Your DB is not okay, and you cannot access CLISH. The file system failure is the most probable cause of both two. Try exporting the backup to external storage, and then try restoring it in the lab first. Chances are, if the file system is in ruins, your backup is too.

Jerry · ‎2023-02-10

[Executing:]# hcp -r all
Test name Status
============================================================
ARP Cache Limit...................................[PASSED]
Bond Health.......................................[PASSED]
Connectivity to UC................................[PASSED]
Core Dumps........................................[PASSED]
Disk Space........................................[WARNING]
File Descriptors..................................[PASSED]
Gaia DB...........................................[PASSED]
ICA expiration....................................[PASSED]
Interface Errors..................................[PASSED]
Kernel crash......................................[PASSED]
MTU...............................................[PASSED]
Memory Usage......................................[PASSED]
SSD Health........................................[PASSED]
Soft lockup.......................................[PASSED]
Software Version..................................[PASSED]
Transceivers Support..............................[PASSED]
Zombie processes..................................[PASSED]

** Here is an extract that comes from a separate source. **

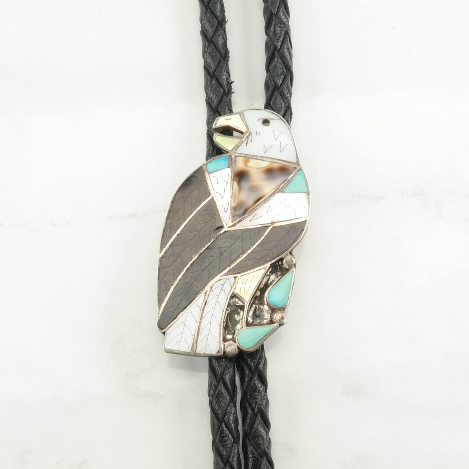 Zuni Eagle Inlay Bolo Tie Native American Sterling Silver Turquoise Necklace Leekity

Generating Topology...............................[Done]
Generating Story..................................[Done]
Generating Charts.................................[Done]

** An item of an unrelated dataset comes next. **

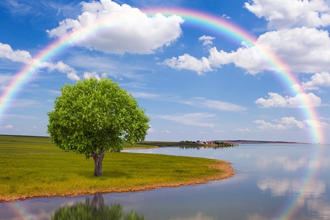 Дуга в виде полуокружности может появиться на небосклоне лишь утром и вечером. Лучи отражаются в мельчайших каплях, которые остаются в атмосфере после дождя. Так как поверхность капелек выпуклая, проходящий через них солнечный свет преломляется, и мы видим радугу.

To view full report on this machine, run "hcp --show-last-full"

Jerry

_Val_ · ‎2023-02-10

None of these tests actually checks MGMT DB. I am surprised to see they show Gaia DB okay. Why cannot you run CLISH then?

Jerry · ‎2023-02-10

spot on. that's what I wonder since many hours Val. I don't know just CLISH does not seem to LOAD. That's all. And this is all after TAKE81 install on TAKE77 working for months on this platform.

Jerry

Jerry · ‎2023-02-10

[Executing:]# pvs
PV VG Fmt Attr PSize PFree
/dev/md2 vg_splat lvm2 a-- 433.44g 175.59g

Jerry

Jerry · ‎2023-02-10

@_Val_ is there any way to restore backup using none-clish environment? I do see they've got a backup but not Snapshoots without Gaia Portal (that stopped working as well). I'd like to recover the backup but got no CLISH nor Gaia Portal. Any hints?

Jerry

the_rock · ‎2023-02-10

Hey @Jerry .

Man, I hate to say this, but have to be factual. Your options here are very limited,but lets be positive and see if we can solve this together. So, here is the thing. @_Val_ is 100% correct...IF you vavigate to $FWDIR/scripts and run ./cpm_status.sh and it shows anything but management is up and ready and then you run api status command and it will most likely show failed at the bottom, smart console will NEVER work, sorry mate.

Having said this, I dont know why, but I cant see whole output of cpwd_admin list command. Does every process show as E and 1?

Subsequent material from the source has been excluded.